BRIEF: Nothing but the lines from the start of the entries through the line holding "Description: Built in" is to be repeated, exactly and with pictures excluded.
== EXERCISE INPUT ==
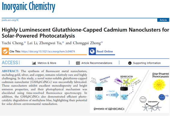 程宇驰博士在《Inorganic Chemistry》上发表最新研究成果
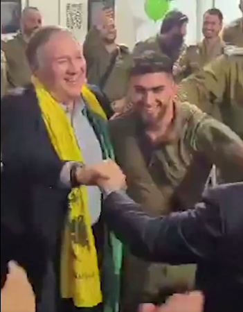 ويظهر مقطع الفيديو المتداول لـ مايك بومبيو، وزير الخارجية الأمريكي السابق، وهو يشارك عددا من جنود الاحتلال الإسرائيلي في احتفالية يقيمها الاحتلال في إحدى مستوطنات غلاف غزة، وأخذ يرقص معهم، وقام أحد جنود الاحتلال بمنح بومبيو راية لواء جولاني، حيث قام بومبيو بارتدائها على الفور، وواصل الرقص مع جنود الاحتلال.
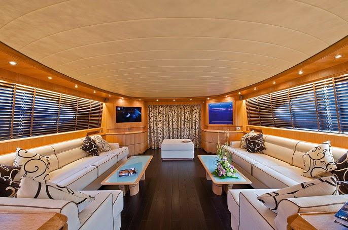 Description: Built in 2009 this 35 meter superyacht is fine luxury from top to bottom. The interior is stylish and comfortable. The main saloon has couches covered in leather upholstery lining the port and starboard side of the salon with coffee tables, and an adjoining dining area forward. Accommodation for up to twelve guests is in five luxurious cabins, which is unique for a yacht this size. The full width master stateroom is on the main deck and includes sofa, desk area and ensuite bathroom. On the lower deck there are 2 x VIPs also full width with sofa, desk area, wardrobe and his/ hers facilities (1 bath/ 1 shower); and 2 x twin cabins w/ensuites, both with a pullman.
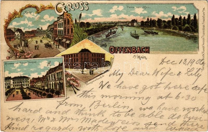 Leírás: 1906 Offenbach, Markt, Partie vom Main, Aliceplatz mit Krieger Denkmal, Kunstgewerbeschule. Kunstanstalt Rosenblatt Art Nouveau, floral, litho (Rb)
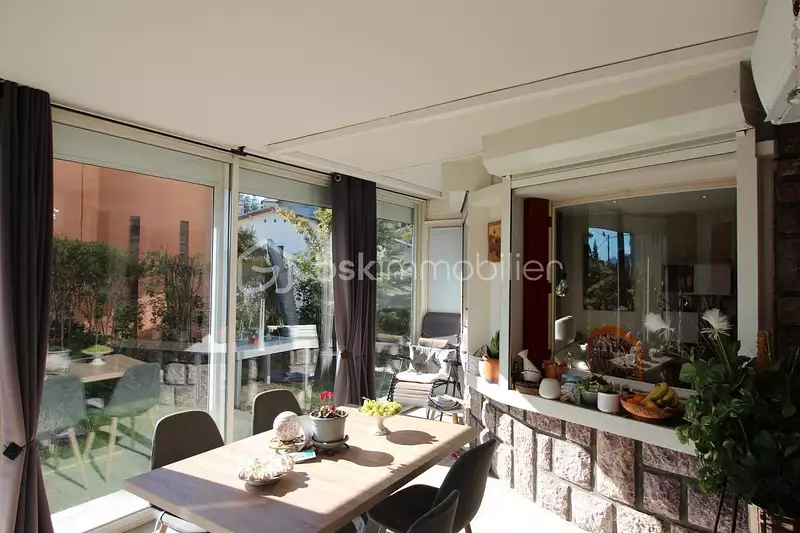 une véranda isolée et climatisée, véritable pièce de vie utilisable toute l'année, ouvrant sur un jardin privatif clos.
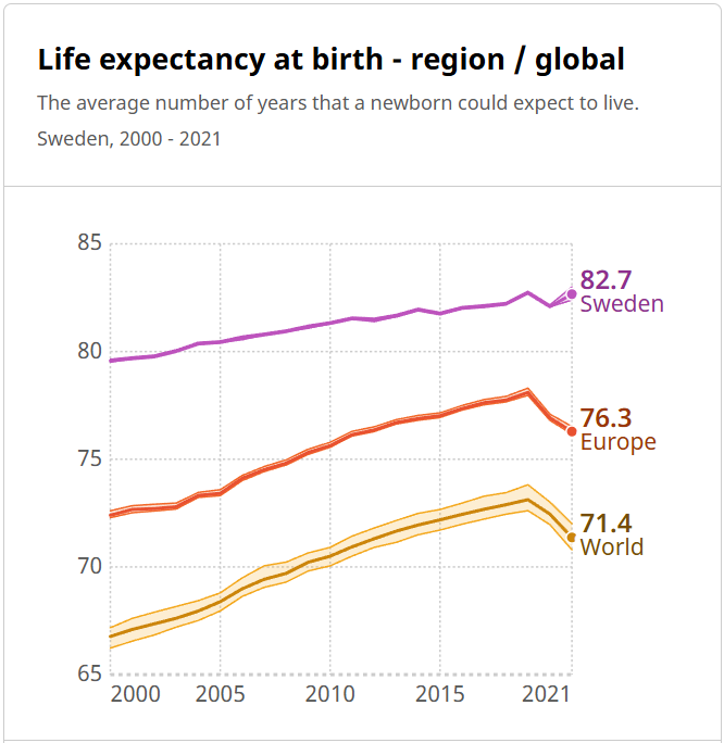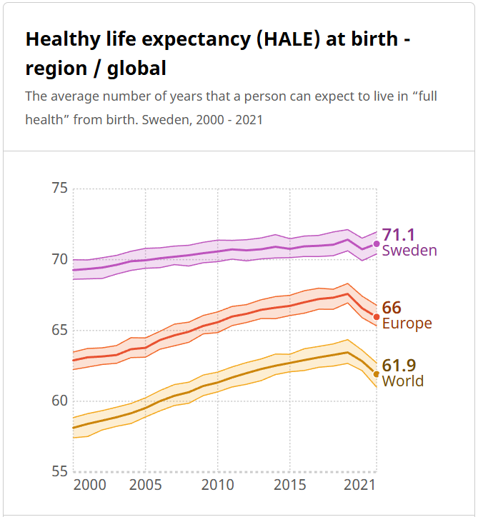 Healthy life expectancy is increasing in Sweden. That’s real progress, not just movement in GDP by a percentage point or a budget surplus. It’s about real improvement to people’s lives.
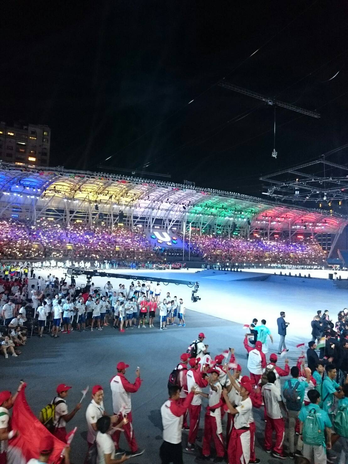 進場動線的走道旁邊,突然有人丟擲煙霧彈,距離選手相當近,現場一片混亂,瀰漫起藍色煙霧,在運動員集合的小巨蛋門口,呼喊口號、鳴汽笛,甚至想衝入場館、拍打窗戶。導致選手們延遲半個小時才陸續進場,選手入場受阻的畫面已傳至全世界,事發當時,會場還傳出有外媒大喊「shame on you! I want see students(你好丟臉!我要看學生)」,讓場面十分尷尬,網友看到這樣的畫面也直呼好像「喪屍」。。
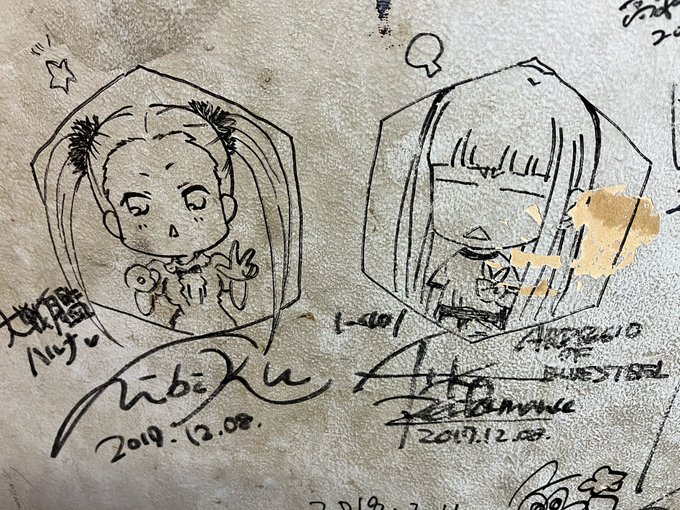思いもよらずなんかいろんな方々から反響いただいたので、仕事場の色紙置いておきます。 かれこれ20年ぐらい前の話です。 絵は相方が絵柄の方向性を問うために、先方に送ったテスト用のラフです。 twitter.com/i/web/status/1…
===
THE COMPLETED TASK:
 程宇驰博士在《Inorganic Chemistry》上发表最新研究成果
 ويظهر مقطع الفيديو المتداول لـ مايك بومبيو، وزير الخارجية الأمريكي السابق، وهو يشارك عددا من جنود الاحتلال الإسرائيلي في احتفالية يقيمها الاحتلال في إحدى مستوطنات غلاف غزة، وأخذ يرقص معهم، وقام أحد جنود الاحتلال بمنح بومبيو راية لواء جولاني، حيث قام بومبيو بارتدائها على الفور، وواصل الرقص مع جنود الاحتلال.
 Description: Built in 2009 this 35 meter superyacht is fine luxury from top to bottom. The interior is stylish and comfortable. The main saloon has couches covered in leather upholstery lining the port and starboard side of the salon with coffee tables, and an adjoining dining area forward. Accommodation for up to twelve guests is in five luxurious cabins, which is unique for a yacht this size. The full width master stateroom is on the main deck and includes sofa, desk area and ensuite bathroom. On the lower deck there are 2 x VIPs also full width with sofa, desk area, wardrobe and his/ hers facilities (1 bath/ 1 shower); and 2 x twin cabins w/ensuites, both with a pullman.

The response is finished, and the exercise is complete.